L'histoire :
Ça devait lui trotter depuis un moment dans la tête… Toujours est-il que c’est allongé sur son lit avec sa frangine Nicole, qu’un soir, en fumant des clopes et en regardant le journal télé, il s’est exprimé tout haut, pour parler de son projet : rencontrer une femme très belle et plus âgée. Mais attention : pas pour la bagatelle et tutti quanti. Non ! Quelqu’un à qui il pourrait se confier. Quelqu’un qui le comprendrait. Bref une mère adoptive, quand bien même ses parents sont toujours vivants ! Nicole est à demi-surprise. Il faut dire qu’elle aime trop son frère pour tenter de le contrarier. Par contre, si c’est de gros câlins dont il a besoin, elle est prête sans problème à le papouiller. Que nenni ! Adrien n’a pas besoin de sa sœur qui, entre parenthèses, n’a qu’à se trouver un mec au lieu de l’emmerder. Il lui faut une femme de 40 ans. Une qu’il respectera au plus haut point… Et à la lecture d’une annonce dans Libération, notre jeune homme trouve sa perle rare : Olivia. Elle a toujours rêvé d’avoir un grand fils avec qui elle pourrait sortir et qu'elle pourrait présenter à tout le monde. Le « marché » est vite conclu. Tout va rouler pour le mieux. A moins que Nicole transpire de jalousie. Ou que Mickael Jackson joue les trouble fête. Voire qu’un chauffeur pour vieille dame s’adonne à un bel exercice de méchanceté…
Ce qu'on en pense sur la planète BD :
Pour la faire courte, un satellite ça tourne autour (en général d’une planète), souvent plutôt sagement et sans autre prétention que de continuer à tourner pour éviter de dégringoler. C’est à partir de cette astucieuse métaphore qu’Alexandre Franc imagine ici une fable moderne.
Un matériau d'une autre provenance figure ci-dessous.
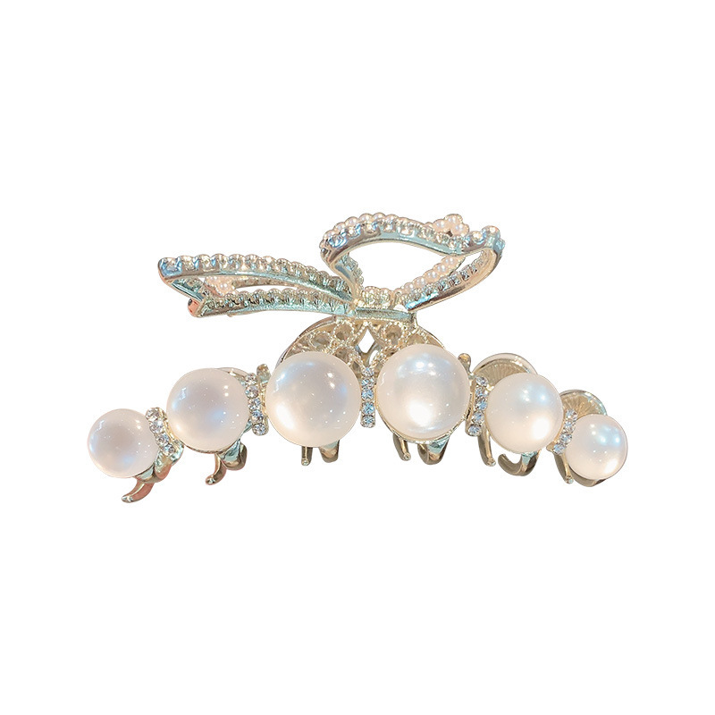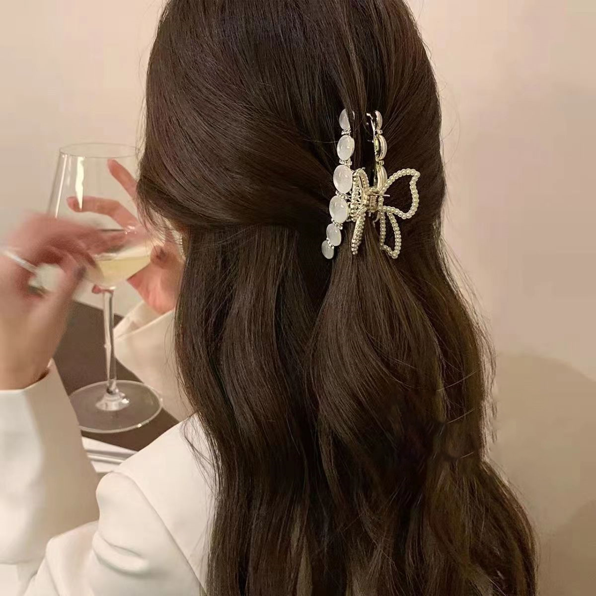 气质猫眼石抓夹后脑勺盘发夹子简约中号高级感鲨鱼夹蝴蝶结头饰女

En son centre, il met en scène un jeu de relations aux sentiments ambigus, souvent déroutants – mais pourquoi pas – se faisant l’écho d’un certain nombre de post-ados qui peinent à s’émanciper. Pour assoir la démonstration, il nous confie principalement à Adrien qui, justement, s’évertue à jouer les Spoutnik autour « d’une mère adoptive » qu’il s’est dénichée par petite annonce dans Libé. L’idée permettra à une clique joliment ciselée de protagonistes, de virevolter à leur tour, histoire de voir jusqu’où ils peuvent aller. Car même si au final on regrette l’absence de véritable basculement dans le scénario, on comprend vite que l’intérêt de la manœuvre est de permettre à chacun d’atteindre les limites de la construction de son propre raisonnement autour des sentiments. Ainsi, le scénariste se joue avec une certaine malice de l’amour et de ses formes. Pêle-mêle, s’entrelacent alors sentiments incestueux, amour tarifé, relations intergénérationnelles équivoques, jalousie-dépendance et besoin de se sentir exister. Le revers de l’exercice est de rendre l’ensemble des protagonistes peu sympathique et peu attachant. A l’inverse, le dessin particulièrement élégant de Claire de Gastold nous accroche de bout en bout. On aime le style et la finesse « féminines » du trait, le choix de la colorisation et la justesse des regards qui constituent un véritable atout de ce projet.